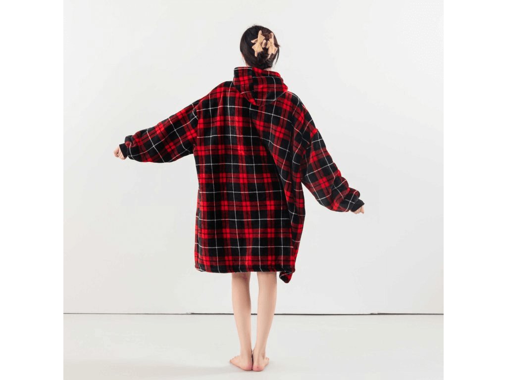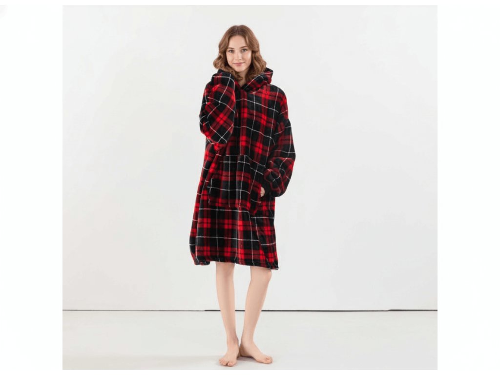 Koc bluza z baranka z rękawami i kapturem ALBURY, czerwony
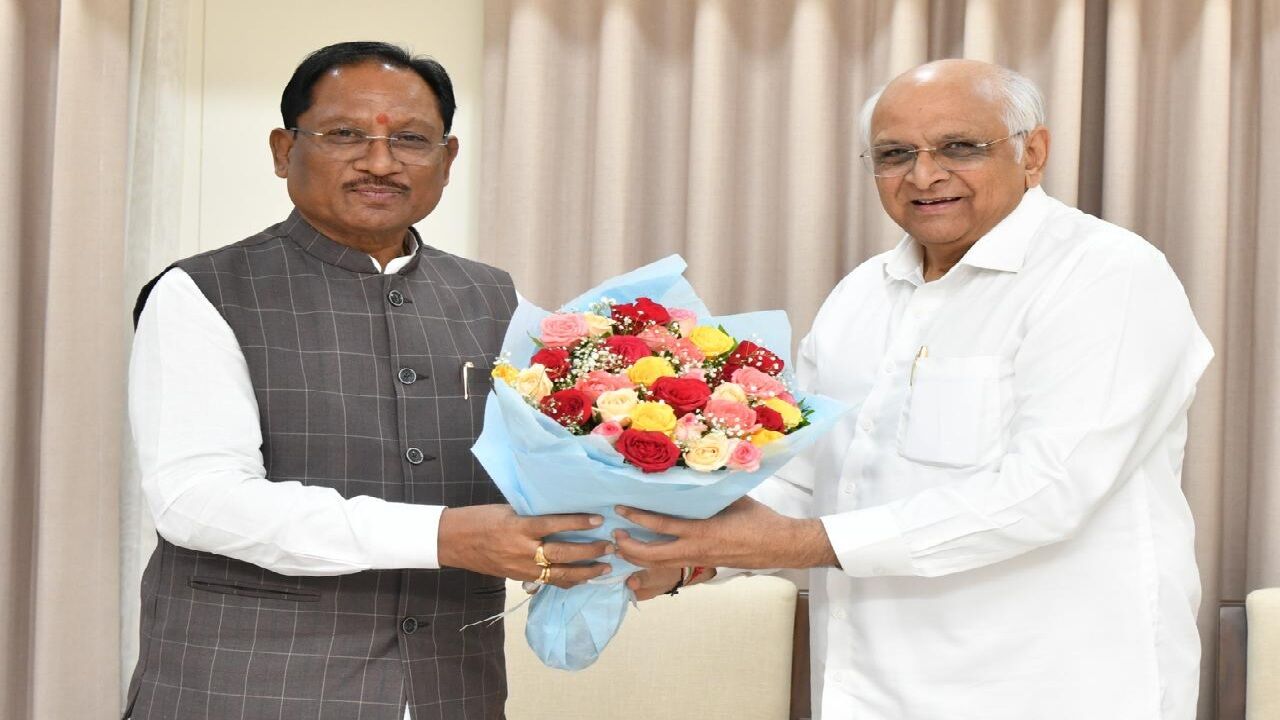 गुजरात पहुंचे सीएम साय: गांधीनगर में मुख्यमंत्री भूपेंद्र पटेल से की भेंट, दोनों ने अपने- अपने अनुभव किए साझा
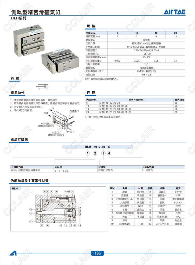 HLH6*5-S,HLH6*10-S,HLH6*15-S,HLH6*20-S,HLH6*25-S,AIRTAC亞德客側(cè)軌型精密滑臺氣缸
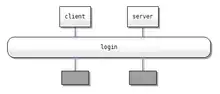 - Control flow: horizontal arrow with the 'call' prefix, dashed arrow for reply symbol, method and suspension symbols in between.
...
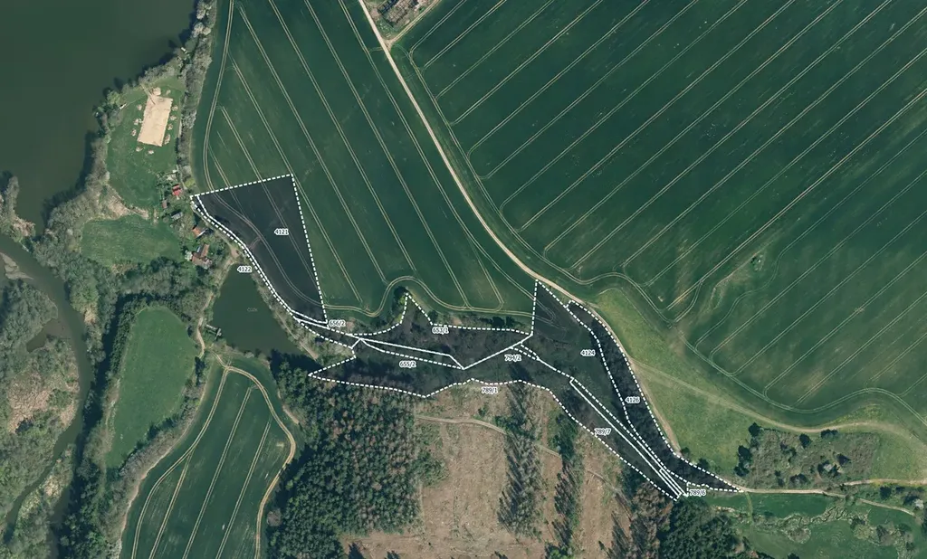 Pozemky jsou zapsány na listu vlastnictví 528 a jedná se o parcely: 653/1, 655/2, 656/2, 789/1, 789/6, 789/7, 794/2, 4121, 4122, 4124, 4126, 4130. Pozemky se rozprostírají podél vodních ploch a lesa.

The task>
An exact copy is needed of the stretch above that opens with the line containing "HLH6*5-S,HLH6*" and closes with the line containing "- Control flow: horizontal"; the pictures are not part of it.

Exercise response>
 HLH6*5-S,HLH6*10-S,HLH6*15-S,HLH6*20-S,HLH6*25-S,AIRTAC亞德客側(cè)軌型精密滑臺氣缸
 - Control flow: horizontal arrow with the 'call' prefix, dashed arrow for reply symbol, method and suspension symbols in between.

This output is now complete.